*Your goal*
For the data below, give again exactly the lines from the one containing "Батарейка алкалиновая (щелочная)" through the one containing "天津市津南区教育系统事业单位公开招聘拟聘用人员公示表 (第二批)", both ends included, and no others.

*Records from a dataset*
<<<<
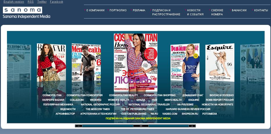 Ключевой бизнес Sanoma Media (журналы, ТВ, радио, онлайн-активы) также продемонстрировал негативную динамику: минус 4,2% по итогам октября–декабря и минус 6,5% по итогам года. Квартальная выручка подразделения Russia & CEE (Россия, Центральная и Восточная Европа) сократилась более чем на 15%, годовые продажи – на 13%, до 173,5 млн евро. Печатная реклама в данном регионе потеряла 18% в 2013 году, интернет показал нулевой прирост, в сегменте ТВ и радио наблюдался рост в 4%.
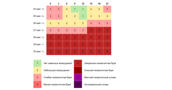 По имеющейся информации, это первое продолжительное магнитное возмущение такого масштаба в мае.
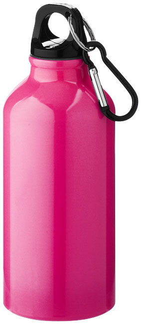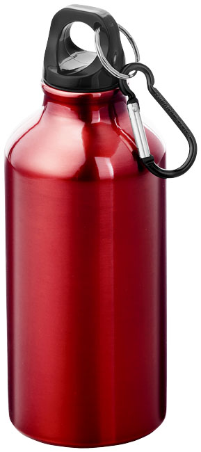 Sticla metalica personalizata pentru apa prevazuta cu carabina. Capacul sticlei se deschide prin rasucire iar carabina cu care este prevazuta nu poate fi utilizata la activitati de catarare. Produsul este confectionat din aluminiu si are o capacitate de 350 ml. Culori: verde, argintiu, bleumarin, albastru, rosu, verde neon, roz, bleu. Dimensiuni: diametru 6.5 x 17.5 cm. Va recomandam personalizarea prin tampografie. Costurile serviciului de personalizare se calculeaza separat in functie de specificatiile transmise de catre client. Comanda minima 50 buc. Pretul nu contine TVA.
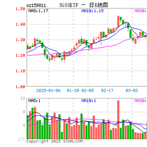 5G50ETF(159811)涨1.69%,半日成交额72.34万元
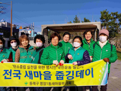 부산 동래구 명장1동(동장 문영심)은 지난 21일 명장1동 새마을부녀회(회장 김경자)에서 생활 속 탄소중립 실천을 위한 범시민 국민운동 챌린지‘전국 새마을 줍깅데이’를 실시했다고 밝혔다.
>>>>
<<<<
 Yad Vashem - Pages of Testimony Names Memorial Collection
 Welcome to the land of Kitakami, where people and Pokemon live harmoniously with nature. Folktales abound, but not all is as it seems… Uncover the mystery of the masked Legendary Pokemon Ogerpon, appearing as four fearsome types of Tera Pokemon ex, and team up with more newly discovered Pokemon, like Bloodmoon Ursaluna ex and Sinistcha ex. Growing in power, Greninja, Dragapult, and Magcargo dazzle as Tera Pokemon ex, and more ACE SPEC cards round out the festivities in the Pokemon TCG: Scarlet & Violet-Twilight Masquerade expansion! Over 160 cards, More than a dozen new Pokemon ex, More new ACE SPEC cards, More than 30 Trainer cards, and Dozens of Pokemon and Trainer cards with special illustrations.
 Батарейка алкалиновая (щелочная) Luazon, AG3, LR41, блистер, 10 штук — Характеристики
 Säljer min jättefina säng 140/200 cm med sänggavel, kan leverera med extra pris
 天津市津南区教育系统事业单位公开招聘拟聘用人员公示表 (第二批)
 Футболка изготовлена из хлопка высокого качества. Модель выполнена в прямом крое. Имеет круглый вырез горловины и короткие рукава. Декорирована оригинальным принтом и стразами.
>>>>
*Result of the exercise*
 Батарейка алкалиновая (щелочная) Luazon, AG3, LR41, блистер, 10 штук — Характеристики
 Säljer min jättefina säng 140/200 cm med sänggavel, kan leverera med extra pris
 天津市津南区教育系统事业单位公开招聘拟聘用人员公示表 (第二批)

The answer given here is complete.